Face Detection on Desktop

This is an example of using MediaPipe to run face detection models (TensorFlow Lite) and render bounding boxes on the detected faces. To know more about the face detection models, please refer to the model README file. Moreover, if you are interested in running the same TensorfFlow Lite model on Android/iOS, please see the Face Detection on GPU on Android/iOS and Face Detection on CPU on Android/iOS examples.

We show the face detection demos with TensorFlow Lite model using the Webcam:

Note: Desktop GPU works only on Linux. Mesa drivers need to be installed.
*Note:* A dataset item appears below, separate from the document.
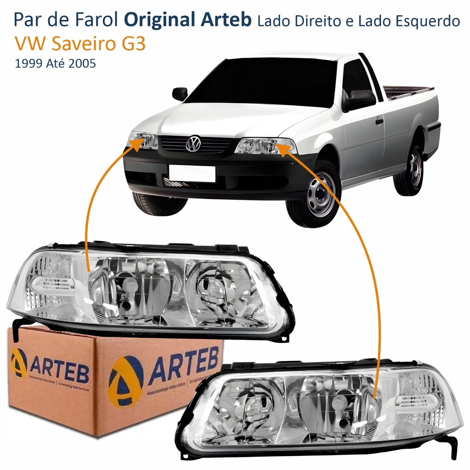 Par Farol VW Saveiro G3 1999 Até 2005 Foco Duplo Máscara Cromada ARTEB

Please see step 4 of “Installing on Debian and Ubuntu” in the installation guide.

Note: If MediaPipe depends on OpenCV 2, please see the known issues with OpenCV 2 section.

TensorFlow Lite Face Detection Demo with Webcam (CPU)

To build and run the TensorFlow Lite example on desktop (CPU) with Webcam, run:

# Video from webcam running on desktop CPU
$ bazel build -c opt --define MEDIAPIPE_DISABLE_GPU=1 \
    mediapipe/examples/desktop/face_detection:face_detection_cpu

# It should print:
# Target //mediapipe/examples/desktop/face_detection:face_detection_cpu up-to-date:
#   bazel-bin/mediapipe/examples/desktop/face_detection/face_detection_cpu
# INFO: Elapsed time: 36.417s, Critical Path: 23.22s
# INFO: 711 processes: 710 linux-sandbox, 1 local.
# INFO: Build completed successfully, 734 total actions

$ export GLOG_logtostderr=1
# This will open up your webcam as long as it is connected and on
# Any errors is likely due to your webcam being not accessible
$ bazel-bin/mediapipe/examples/desktop/face_detection/face_detection_cpu \
    --calculator_graph_config_file=mediapipe/graphs/face_detection/face_detection_desktop_live.pbtxt

TensorFlow Lite Face Detection Demo with Webcam (GPU)

To build and run the TensorFlow Lite example on desktop (GPU) with Webcam, run:

# Video from webcam running on desktop GPU
# This works only for linux currently
$ bazel build -c opt --copt -DMESA_EGL_NO_X11_HEADERS \
    mediapipe/examples/desktop/face_detection:face_detection_gpu

# It should print:
# Target //mediapipe/examples/desktop/face_detection:face_detection_gpu up-to-date:
#   bazel-bin/mediapipe/examples/desktop/face_detection/face_detection_gpu
# INFO: Elapsed time: 36.417s, Critical Path: 23.22s
# INFO: 711 processes: 710 linux-sandbox, 1 local.
# INFO: Build completed successfully, 734 total actions

$ export GLOG_logtostderr=1
# This will open up your webcam as long as it is connected and on
# Any errors is likely due to your webcam being not accessible,
# or GPU drivers not setup properly.
$ bazel-bin/mediapipe/examples/desktop/face_detection/face_detection_gpu \
    --calculator_graph_config_file=mediapipe/graphs/face_detection/face_detection_mobile_gpu.pbtxt

Graph

_images/face_detection_desktop.pnggraph visualization

To visualize the graph as shown above, copy the text specification of the graph below and paste it into MediaPipe Visualizer.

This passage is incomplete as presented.